Dalam tulisan “Mengenal Personifikasi Hawa di Masa Kuno”, telah saya bahas mengenai beberapa sosok dewi yang tampaknya merupakan wujud personifikasi Hawa di masa kuno.
Dalam tulisan tersebut, yang merupakan seri lanjutan tulisan-tulisan sebelumnya, seperti:
- Menyingkap Jejak Dewi Fajar di Pegunungan Latimojong,
- Sejarah Berhala Uzza, Sang Dewi Fajar,
- “Negeri Timur Laut” Sebutan Kawasan Nusantara di Masa Kuno,
- Rahasia Kuno yang Terpendam di Gunung Latimojong,
telah pula saya urai aspek filosofis yang mendasari lahirnya personifikasi tersebut.
Salah satu di antara personifikasi Hawa adalah Dewi Ushas yang, dalam Rigveda pada hymne 7.77 disebutkan telah memohon diberi umur panjang. berikut ini hymne tersebut kembali saya kutip: “dia juga mengajukan petisi untuk diberikan umur panjang, karena dia konsisten mengingatkan orang-orang akan waktu yang terbatas di bumi”.
Yang menarik adalah karena walaupun dalam hymne-hymne Rigveda selanjutnya tidak ditemukan pembahasan lanjutan secara spesifik mengenai “petisi umur panjang” tersebut, namun, beberapa figur dewa dewi yang disebutkan dalam catatan-catatan kuno India, pada faktanya, tetap memperlihatkan adanya benang merah.
Sebelum lebih jauh membahas tema ini, ada baiknya pembaca terlebih dahulu memahami model penggambaran dewa dewi dalam mitologi India. Yaitu bahwa umumnya sosok dewa dewi tersebut memiliki beberapa nama, yang mana tiap nama tersebut merupakan ekspresi dari aspek atau atribut yang ingin ditonjolkan atau yang ingin dipersonifikasi dari sosok dewa dewi tersebut.
Terkait Dewi Ushas atau Dewi Fajar, yang dalam mitologi India disebut sebagai istri dari Dewa Surya, yang mana di sisi lain, Surya adalah salah satu dari delapan bentuk (ashta murti) Dewa Siwa. Dengan demikian, kita dapat melihat aspek lain dari dewi Ushas pada istri Dewa Siwa.

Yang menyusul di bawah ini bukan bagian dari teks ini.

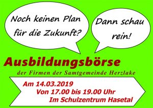 Ausbildungsbörse am Donnerstag, 14.03.2019, 17:00 Uhr – 19:00 Uhr am Schulzentrum Hasetal Eine gute Ausbildung ist entscheidend für den Berufseinstieg....

Istri Dewa Siwa, Parvati, dikenal sebagai dewi ibu dalam agama Hindu, dan memiliki banyak atribut dan aspek. Setiap aspeknya diekspresikan dengan nama yang berbeda, memberinya lebih dari 100 nama dalam kisah-kisah Hindu regional India. Bersama dengan Laksmi dan Saraswati , ia membentuk trinitas dewi Hindu (Tridevi).
Salah satu nama lain yang menonjol dari Parvati adalah “tara“. Untuk diketahui, kata tanah atau tana atau rana atau ranah – yang kita kenal dalam bahasa Indonesia – kuat dugaan saya, berasal dari nama “tara” ini.
Antara kata tara, tana, dan rana, tampaknya terjadi Perubahan fonetis yang umum terjadi diantara fonetis kelompok artikulatoris dental, yaitu: n, d, t, r, l. (Pembahasan mengenai metode pencermatan morfologi bahasa seperti ini dapat anda baca dalam tulisan saya lainnya: Formula Kunci Mengurai Sejarah, dan Genetik Aksara Nusantara, Formula Kunci Mengurai Sejarah).
Jadi, jika pada tulisan sebelumnya “Mengenal Personifikasi Hawa di Masa Kuno”, telah saya jelaskan bahwa sebutan “banuwa” atau “banua” berasal dari nama dewi Nuwa yang merupakan personifikasi dari Hawa, maka pada tulisan ini, lebih jauh dapat saya tunjukkan jika kata sinonim untuk banua yaitu: tana/ tanah dan rana/ ranah, juga berasal dari wujud personifikasi Ibu Hawa lainnya.
Personifikasi Hawa sebagai Ibu Bumi (mother earth) pada faktanya memang menyebar ke seluruh penjuru dunia. Dari nama Tara hadir sebutan “Terra” yang dalam bahasa latin berarti “bumi”, “terrain” yang dalam bahasa Prancis berarti “tanah”. Bahkan kata land dalam bahasa Inggris pun dapat diduga merupakan bentuk morfologi dari kata rana.